Thrombectomy – pulling a clot out of a blocked brain artery – is now the gold-standard treatment for acute ischemic stroke and was invented at UCLA.
After the designation “thrombectomy-capable stroke center” (TSC) was rolled out in 2018 and volumes of the procedure steadily increased, UCLA researchers wanted to better understand the role of TSCs in the U.S. stroke care system.
“The idea for the study was based on the relatively newly introduced level of certification for stroke centers, which was launched due to the overwhelming evidence of the benefit of thrombectomy,” explains Radoslav Raychev, MD, assistant clinical professor of neurology at UCLA and lead author.
“At UCLA, we wondered, ‘What is the impact [of the designation]? How do we increase access to treatment?’ It inspired us to really look at the guidelines, the national database and the capabilities of thrombectomy-capable centers to understand whether this designation benefits stroke patients, and what the potential deficiencies are in other centers.
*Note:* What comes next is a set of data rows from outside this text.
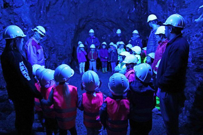 Til info! Omvising i gruva er ikkje tillatt/anbefalt for born under 3 års alder. Dette på grunn av krav til hjelm, miljøet i gruva, mykje gåing og lite utbyte for aldergruppa.
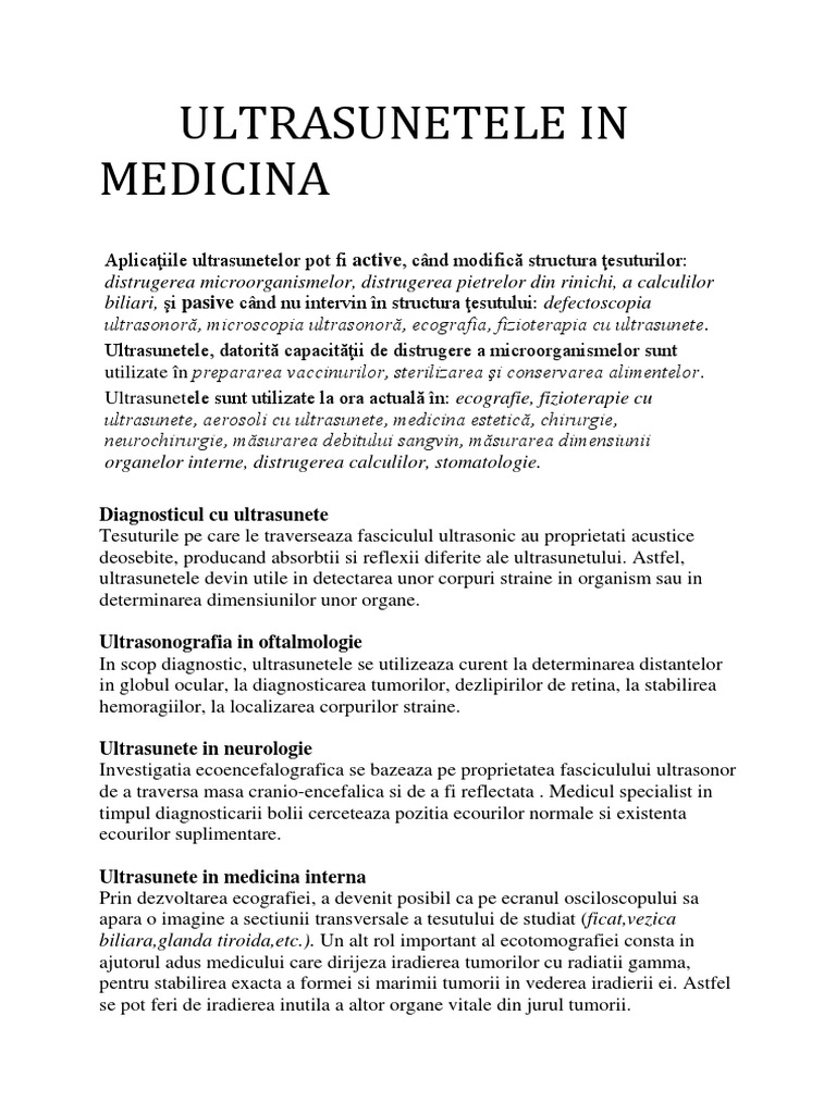 Doc Ultrasunete Aplicaţii In Tehnică Si Medicină Ultrasunetele In
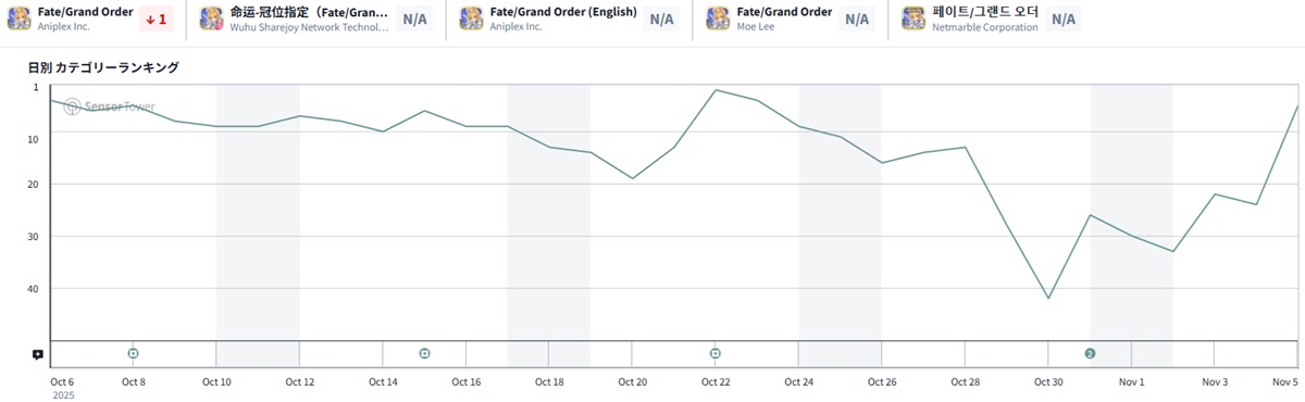 前日24位からトップ5入りを果たしたのは、FGO PROJECTの『Fate/Grand Order』だ。

Most importantly, we were looking to improve stroke care nationwide and worldwide.”
UCLA has pioneered systems of care processes in parallel with procedural and scientific innovation, notes Dr. Raychev, highlighting the institution’s ongoing interest in addressing stroke care beyond the doors of their state-of-the-art center.
Dr. Raychev, along with Jeffrey Saver, MD, director of the UCLA Comprehensive Stroke and Vascular Neurology Program, set out to explore the difference in quality of care and clinical outcomes of reperfusion therapies to restore blood flow among primary stroke centers (PSCs), comprehensive stroke centers (CSCs) and TSCs.